Patrice y yo fuimos a Sarajevo un 29 de diciembre para conocer la guerra
En cualquier caso sabía desde el principio, porque empezó y brilló desde muy joven, que uno elige este oficio para acercarse un poco más a la verdad y poder contarla. Transitó por todos los caminos por los que transitaron sus personajes. Les acompañó buscando en su propia carne los repliegues más escondidos del ser humano, sus miserias y sus grandezas, iluminando esas zonas ocultas del alma donde todos nos sentimos inseguros, frágiles, pero que forman parte de la raíz de nuestra naturaleza. Se acercó con conocimiento, profundidad y amor a los grandes creadores, Shakespeare, Mozart, Wagner, Genet, Koltès... A todos ellos sirvió de espejo con su carne y con su espíritu. Su timidez, casi enfermiza, la transformó durante toda su vida en coraje y en desafío vehemente cuando se trataba de usar la ficción, es decir la mentira inteligente y consensuada para explicar una verdad más grande, la verdad de cada poeta, de cada creador, esas verdades que casi siempre duelen pero cuyo conocimiento nos hace más ricos y más grandes.
Tuve la suerte de llevarle a Sevilla por primera vez. Se enamoró de la ciudad y de sus gentes y en los últimos tiempos allí pasaba gran parte del año. “Là bas je me sents plus léger”, repetía como un mantra. La última vez que estuvo en Barcelona fue con motivo de las representaciones de La nuit juste avant les forets, de su amigo y cómplice Koltès en el Lliure. Estuvimos juntos unas pocas horas hablando con la paz que proporciona un sentimiento de amistad mutua no empañada ni siquiera por el tiempo.
Me contó su enfermedad.
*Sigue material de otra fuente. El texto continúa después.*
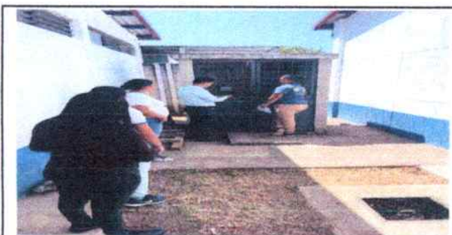
Foto 5: vista de afuera del lugar en el que estaba la bomba , lugar en el cual se colocará una nueva puerta reforzada con reja y chapa. Se muestra a la presidenta de la OPF, técnico , docentes y directora.
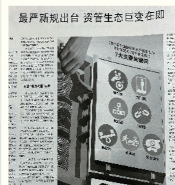
《最严新规出台 资管生态巨变在即》
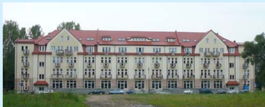
Dzięki adaptacji budynku pokoszarowego pozyskano w Ełku 66 lokali mieszkalnych.

Przewidywany koszt inwestycji to 7 294 053 zł, a rzeczywiste koszty inwestycji - 5 508 171 zł. Projekt został dofinansowany z Funduszu Dopłat BGK (wsparcie w wysokości 40% kosztów kwalifikowanych) w kwocie: 1 673 417 zł, przy czym środki własne samorządu stanowiły 69,6% kosztów inwestycji i wyniosły 3 834 754 zł. ■
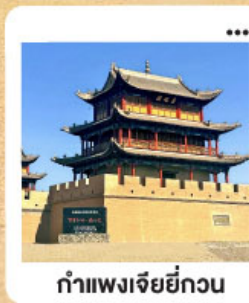
กำแพงเจียยี่กวน
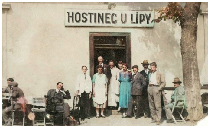
Hosté před toušeňským hostincem U lípy
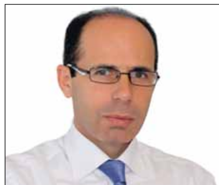
Ευάγγελος Μπουρνούς – Δήμαρχος Ραφίνας – Πικερμίου
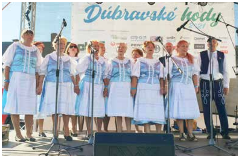
Dúbravanka patrí už tradične k Dúbravským hodom.
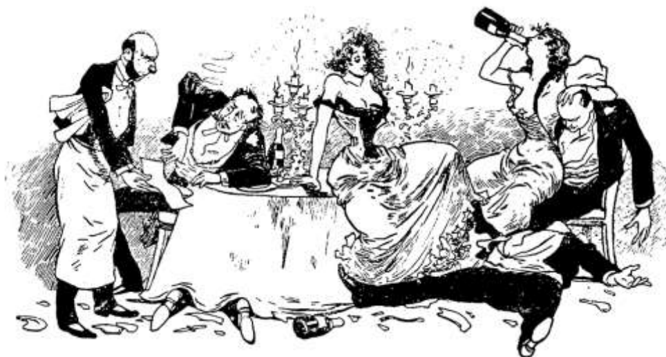
“Havia obra para todo o preço.”

Os preços constituem outra variável de estratificação a considerar. As variedades distinguiam-se pelo custo e, como dizia F. Schwalbach, havia «obra para todo o preço» 225 : desde o antigo amor de seis vinténs ou de lepes das vielas de Alfama e Mouraria, até ao de coroa dos primeiros andares da Travessa da Palha. Naturalmente, nas covas escuras das vielas da Mouraria os preços tabelados eram paliativos e o freguês – saloio ou provinciano – na ânsia de ser atendido, arriscava-se a sair sem dinheiro ou carteira. Elas próprias, beneméritas, ajudavam-no a despír o casaco que dependuravam num cabide junto de uma porta que dava para outra casa. Essa porta tinha um pequeno postigo que ficava à altura das algibeiras do casaco e que era aberta depois de um sinal convencionado de forma a que o cúmplice pudesse tranquilamente surripiar a carteira e esquadrinhar à vontade o que nela houvesse 226 .
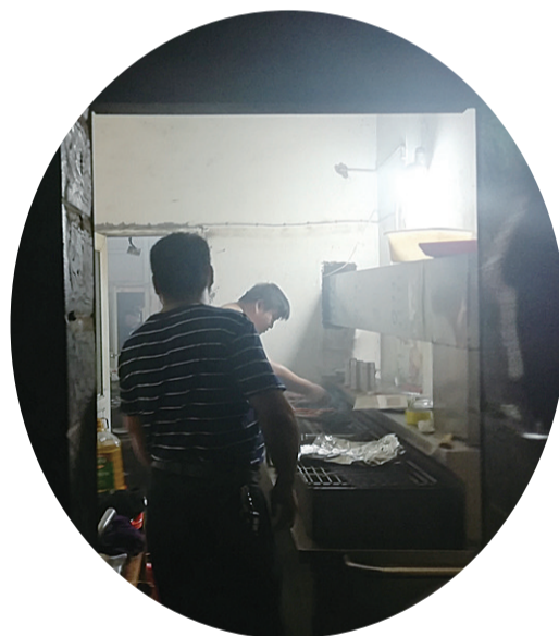
▲执法人员找到气味的源头

近段时间，一阵阵悄然来袭的臭味引起石峰区田心街道泉塘湾小区7栋很多居民的猜测，像是焚烧垃圾，或是电线老化起火。
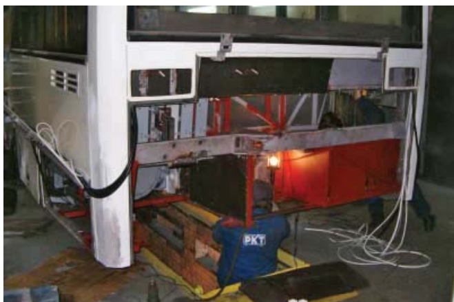
Fot. 05.jpg: Przygotowanie konstrukcji pod zabudowę aparatury napędu elektrycznego w dawnej komorze silnika spalinowego, w pierwszym egzemplarzu trolejbusu MB O405N2, Gdynia, zajezdnia trolejbusowa w Redłowie, 21.10.2004 r.

Do napędu zastosowano szeregowo-bocznikowy silnik DK210A3P/11 z układem oporowego rozruchu, wprowadzono jednak wiele zmian w układzie napędowym w stosunku do Jelcza PR110E (silnik oraz większość części pochodziły z kasowanych trolejbusów marki Jelcz). Z najważniejszych zmian można wymienić modyfikację sposobu wzbudzenia silnika trakcyjnego [5],
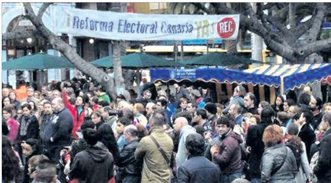
Movilizaciones. Demócratas para el cambio lleva desde junio desde 2007 convocando movilizaciones populares para pedir la reforma del sistema.

Elecciones 2015. La Plataforma Demócratas para el cambio ha reunido más de 6.000 firmas para trasladar al Consejo Europeo la reforma de las barreras electorales ➤ Los apoyos se han multiplicado desde los comicios
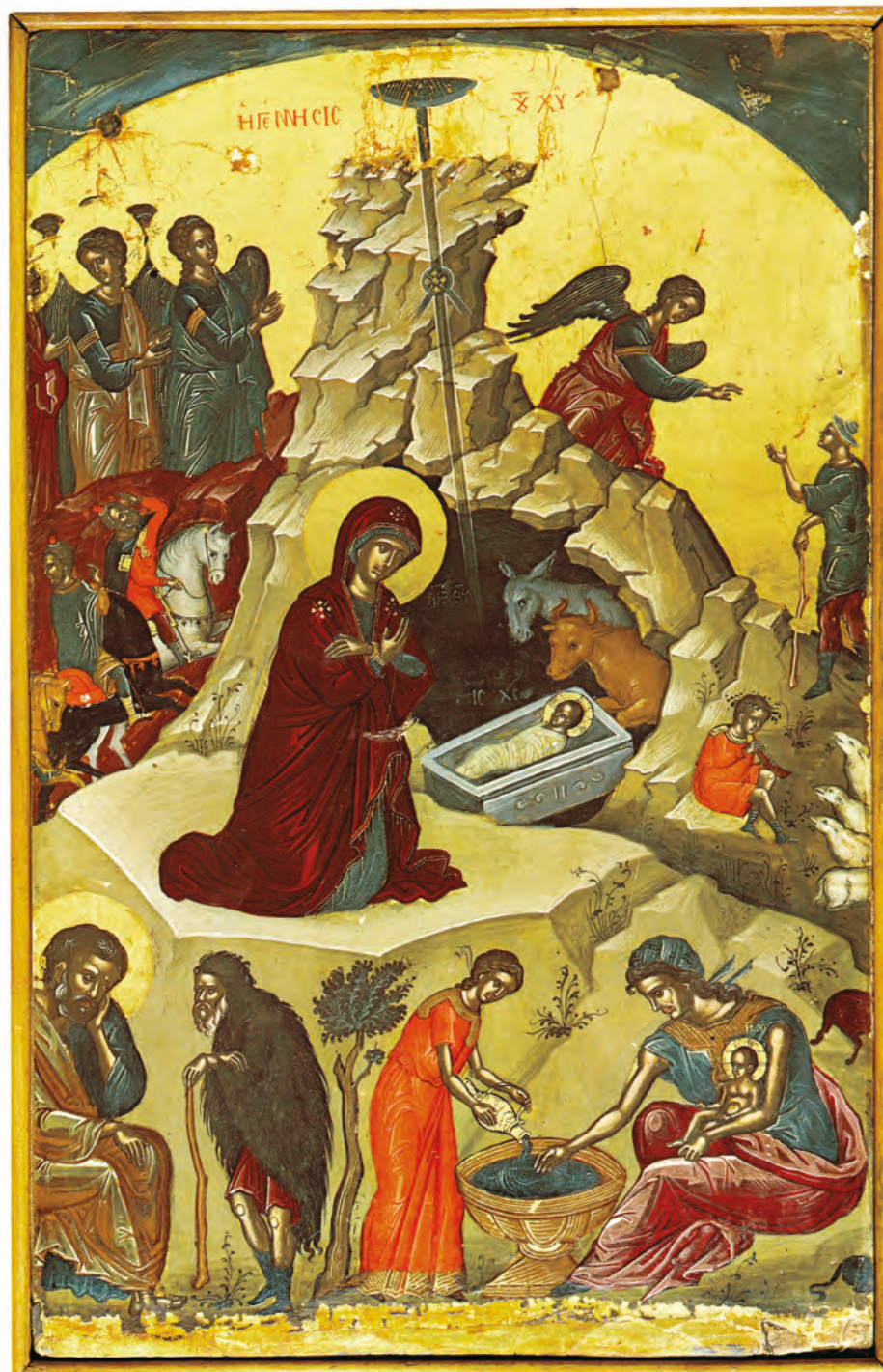
Η Γέννηση του Χριστού. Φορητή εικόνα, Θεοφάνους του Κρητός, Ιερά Μονή Σταυρονικήτα, Άγ. Όρος, 1546

1. Ο στάβλος. Είναι σκοτεινός μέσα σε βράχο. Η σκοτεινιά συμβολίζει την άγνοια, την πλάνη και την μη αληθινή ζωή των ανθρώπων πριν τον ερχομό του Χριστού. Αυτός θα ρίξει και σε αυτούς το λυτρωτικό φως της αλήθειας του. Διαβάζουμε στον Μτ 4, 16:
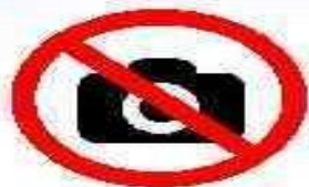
Фото, аудио и видеоаппаратуру
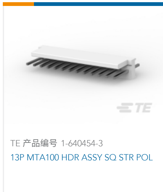
TE 产品编号 1-640454-3 13P MTA100 HDR ASSY SQ STR POL
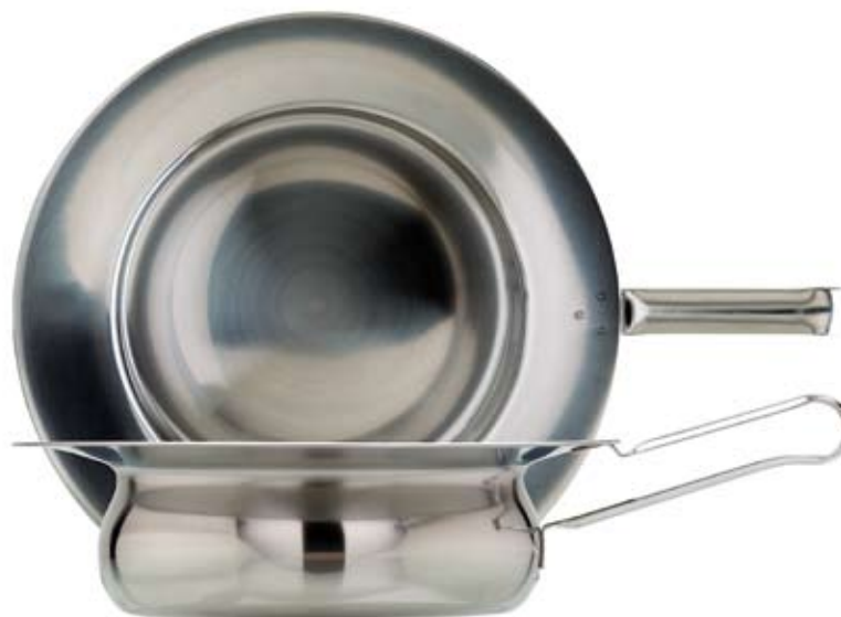
BÄCKEN MED BANDHANDTAG BEDPAN WITH BAND HANDLE

531001 Ø 235 x 70 mm 531002 Ø 310 x 80 mm
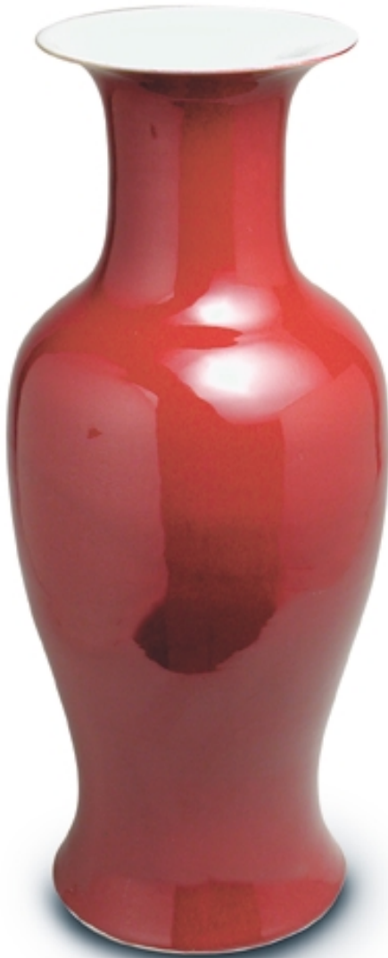
79. Jarrón con decoración de sangre de buey PORCELANAS. Alt. 62 cm. Porcelana. China, s. XX (República)

Por la noche, en el ensayo, me di cuenta de que el protagonista de Koltès no estaba en unos baños públicos, lugar donde parece transcurrir la acción, sino en la cama de un hospital. La obra estaba llena de la poesía de Koltès y de la de Patrice, ambas se sumaban para ofrecerle al espectador un pedazo de verdad más verdadero que la propia vida. Le miré con una profunda admiración. Me sonrió con sus hermosos ojos azules y me dijo muy bajito. “No podía mentir, lo entiendes, ¿no? Mientras se me hacía un nudo en la garganta traté de reprimir una lágrima inconveniente acordándome de los versos de otro gran poeta: “Hablo de la muerte, y además me estoy muriendo”. No se puede ser más honesto.